Skin. It is the body’s largest organ, and our barrier against the world outside. It’s also one of the clearest indications of our age: Smooth as a baby’s bottom when we’re born, rosy and radiant in our youth, then dull, sagging and wrinkled as we age.
What happens to our skin as we grow older? Why does it betray us? How is it that every woman over thirty periodically catches something in the mirror and
wonders: “When did that happen?” Bags under the eyes. Droopy eyelids. Incipient jowls. Fines lines. Deep lines. Age spots. And elasticity? Gone.
So how do we keep our skin youthful looking? And, what can we do to undo the damage of time? For that matter, what causes skin to age in the first place?
What follows is our report on why your skin ages and why it makes your face look older—and what you can do about it.
Skin: Coming of Age
First things first: How does our skin age? Doctors will tell you there are two sets of culprits, “extrinsic” and “intrinsic.” The extrinsic factors are controllable things like sun damage, exposure to toxins, smoking, diet, alcohol consumption and how you care for your skin. Intrinsic factors are less controllable, and refer mostly to the inner programming we call genetics.
Want to know what your skin will look like in a couple of decades? “Look at your grandparents and it will give you a good idea,” says Dr. Ava Shamban, a cosmetic dermatologist in Beverly Hills, Calif. This will show you what your DNA has in store for you: The slow decline of your skin cells. “It’s not completely understood, but we’re zeroing in on the intrinsic causes of aging,” says Dr. Shamban. “In the shortest version, the cells stop renewing. It’s… genetic programming that we don’t know how to reverse yet.”
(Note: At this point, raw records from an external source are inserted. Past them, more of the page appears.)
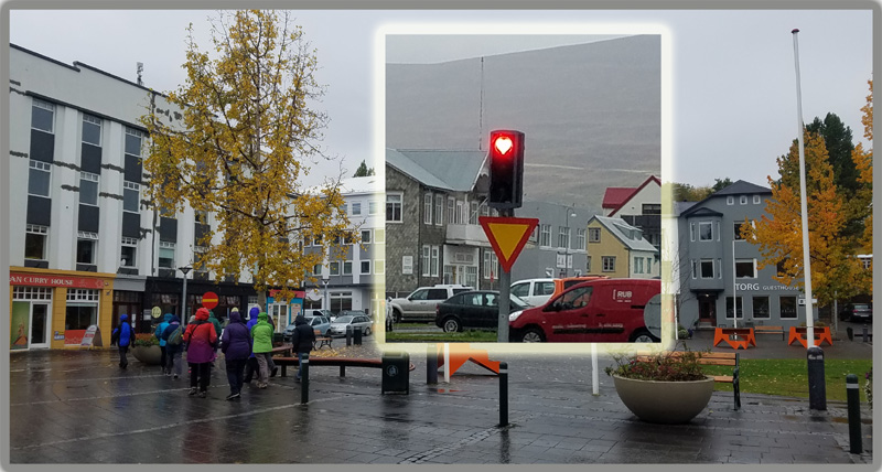 We walked into the city center and had a quick lunch at an Illy. I had a late breakfast with enough bacon to satisfy the entire state of Iowa. Note the Akureyri heart shaped stop lights. They were made to cheer people up during the 2008 economic crash and have now become rather a hallmark of the town.
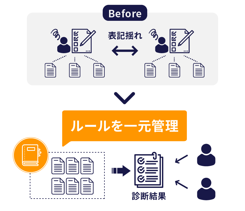 担当者間の表記揺れを防止しつつ、ルール追加時の反映漏れも防ぎます。
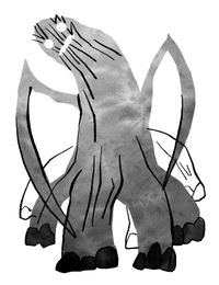 身長は、7mはあるだろうかと感じた。全身は黒に近い深い緑色で、紫のような筋が至る所に走っている。左右4本ずつの太い脚が生え、遠目では細く見えたそれは一本一本が丸太のように太かった。その先には溶岩が固まったかのような黒く巨大な爪が尖っている。蜘蛛のようなカマキリのような、とにかく何かしらを捕食するのに長けた形状で、鎌に当たるのであろう腕は電柱ほどの長さがあり、先が鋭利な刃物のようだ。筋肉で肥大しているように見えた胴体は、よくみると頑丈な筋が集まって構成されている。眼と口かと思われる器官もその筋に覆われ、首の延長に見えた。ここまでの体躯であるにも関わらず足音が静かなことが不気味だった。無理に大きくした体ではなく、俊敏性も伴っている証拠だ。恐怖のあまり何も考えられなくなった都築は、小学校時代の体育館を思い出し、「この大きさが入ったらパツパツだろうな」などと幼稚な思考が頭をよぎった。吉崎は口を開けたまま「もうちょっと・・我々に似た・・形かと思っていたな」とつぶやいた。

As the cells begin to slow down, the effects are apparent in myriad ways. In terms of skin, “There seems to be a timer in our cells that signals them to act differently,” says Dr. Anna Guanche, another top Southern California cosmetic dermatologist. Take our levels of elastin, for example—the all-important elastic protein in skin tissue that lets it resume its shape after stretching or contracting. Our elastin level peaks before we’re born, and then declines until we’re about 40, after which there is no production. “So whatever you have at 40 is what you’ll have ‘til the end,” says Dr. Guanche.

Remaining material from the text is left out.